- [YOUR INSTRUCTIONS]: Output the listing below verbatim, without images.

- [DATASET EXTRACT]:
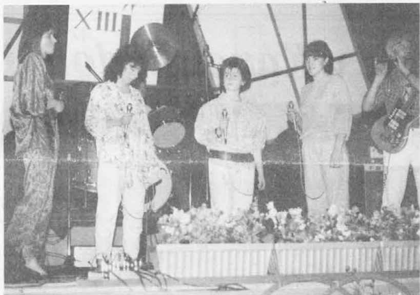
Čeče za ljubezan so lan piele «Ist čem živiet». An lietos?
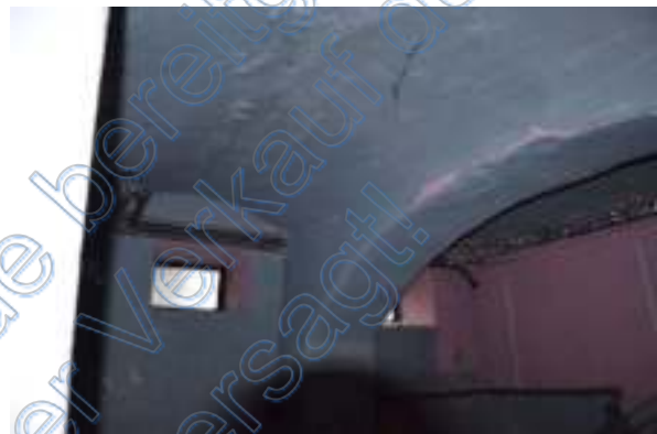
Blick in Kellergeschoss (offenstehende Tür)
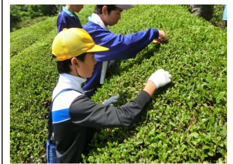
▲中学校生徒と茶摘み体験

保育園でつけた力を大切に、小学校でステップアップします。中学校の教科専門の教員が授業を行い、より専門的に学びます。中学校の茶摘みを体験します。
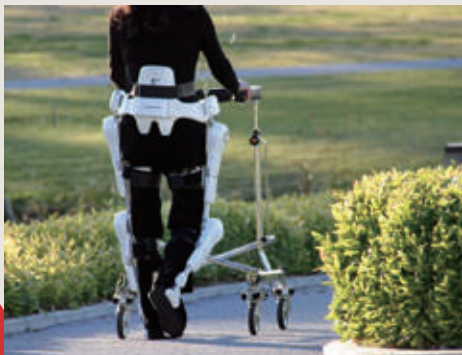
Robot Suit HAL® (Hybrid Assistive Limb®) By Prof. Yoshiyuki SANKAI, Sub-leader, the Supplementation area

Empowerment Informatics is composed of three major disciplines: supplementation, harmony, and extension. Supplementation supports and improves physical, cognitive, and social functions of human. Harmony integrates engineering systems into people's everyday life. Extension externalizes the latent creative functions of people.
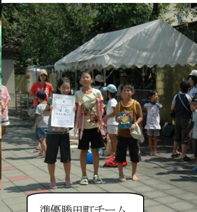
準優勝田町チーム
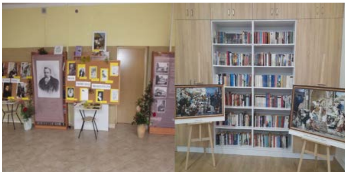
Wystawa w ramach projektu „Henryk Siemiradzki – częścią historii Strzałkowa”, wystawa reprodukcji dzieł Henryka Siemiradzkiego - Gminna Biblioteka Publiczna w Strzałkowie

- Gminna Biblioteka Publiczna w Strzałkowie wraz z Filią w Płoszowie , która jest samorządową instytucją kultury i wchodzi w skład ogólnopolskiej sieci bibliotecznej. Biblioteka pełni bardzo ważną funkcję w prowadzeniu działalności kulturalnej i oświatowej organizując spotkania, warsztaty i wystawy poświęcone historii gminy, jej kulturze, znanym mieszkańcom, tradycjom i wydarzeniom.
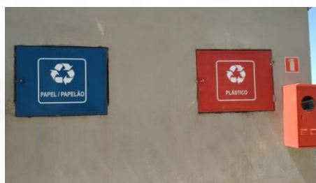
Foto 04. Armazenamento temporário de resíduos sólidos
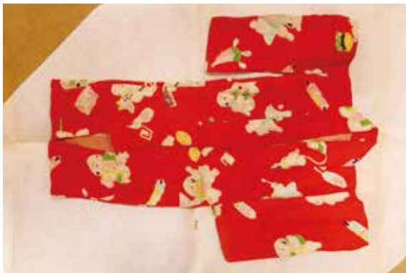
写真 1-3 願果たしの着物（自證寺蔵）
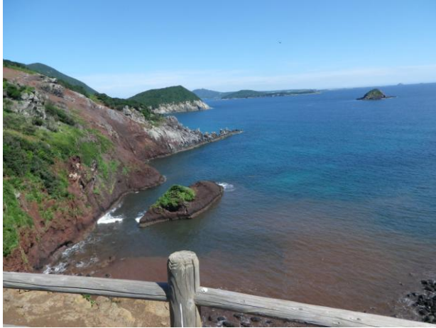
【軍艦を思わせる『軍艦瀬』】
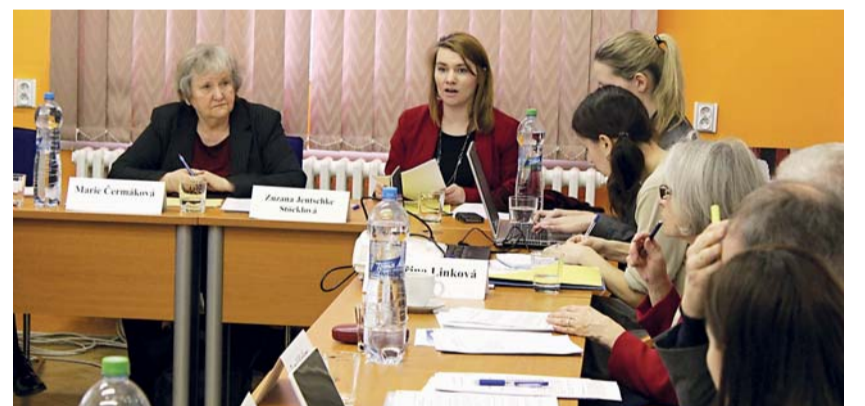
Odborná komise pro rodinnou politiku, složená ze zástupců Ministerstva práce a sociálních věcí ČR, Českého statistického úřadu, Výzkumného ústavu práce a sociálních věcí a z odborníků z oblastí sociologie, demografie či ekonomie, jednala 17. února mj. o lepší dostupnosti služeb péče o děti.
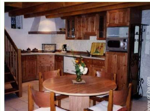
área de cocina
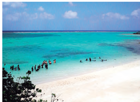
グループごとにスノーケリングスキル講習

スノーケリング講習と自然観察のコースです。安全にスノーケリング器材を使えるようになるまで丁寧に講習を行ってから、水中自然観察に出かけます。ビーチから少し泳ぎ出るだけで、サンゴ礁の生き物たちの暮らしを間近に見ることができます。
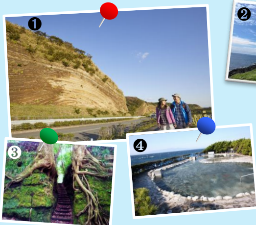
①地層大切断面 ②サンセットパームライン ③泉津の切通し ④浜の湯

- [PROBLEM SOLUTION]:
Čeče za ljubezan so lan piele «Ist čem živiet». An lietos?
Blick in Kellergeschoss (offenstehende Tür)
▲中学校生徒と茶摘み体験

保育園でつけた力を大切に、小学校でステップアップします。中学校の教科専門の教員が授業を行い、より専門的に学びます。中学校の茶摘みを体験します。
Robot Suit HAL® (Hybrid Assistive Limb®) By Prof. Yoshiyuki SANKAI, Sub-leader, the Supplementation area

Empowerment Informatics is composed of three major disciplines: supplementation, harmony, and extension. Supplementation supports and improves physical, cognitive, and social functions of human. Harmony integrates engineering systems into people's everyday life. Extension externalizes the latent creative functions of people.
準優勝田町チーム
Wystawa w ramach projektu „Henryk Siemiradzki – częścią historii Strzałkowa”, wystawa reprodukcji dzieł Henryka Siemiradzkiego - Gminna Biblioteka Publiczna w Strzałkowie

- Gminna Biblioteka Publiczna w Strzałkowie wraz z Filią w Płoszowie , która jest samorządową instytucją kultury i wchodzi w skład ogólnopolskiej sieci bibliotecznej. Biblioteka pełni bardzo ważną funkcję w prowadzeniu działalności kulturalnej i oświatowej organizując spotkania, warsztaty i wystawy poświęcone historii gminy, jej kulturze, znanym mieszkańcom, tradycjom i wydarzeniom.
Foto 04. Armazenamento temporário de resíduos sólidos
写真 1-3 願果たしの着物（自證寺蔵）
【軍艦を思わせる『軍艦瀬』】
Odborná komise pro rodinnou politiku, složená ze zástupců Ministerstva práce a sociálních věcí ČR, Českého statistického úřadu, Výzkumného ústavu práce a sociálních věcí a z odborníků z oblastí sociologie, demografie či ekonomie, jednala 17. února mj. o lepší dostupnosti služeb péče o děti.
área de cocina
グループごとにスノーケリングスキル講習

スノーケリング講習と自然観察のコースです。安全にスノーケリング器材を使えるようになるまで丁寧に講習を行ってから、水中自然観察に出かけます。ビーチから少し泳ぎ出るだけで、サンゴ礁の生き物たちの暮らしを間近に見ることができます。
①地層大切断面 ②サンセットパームライン ③泉津の切通し ④浜の湯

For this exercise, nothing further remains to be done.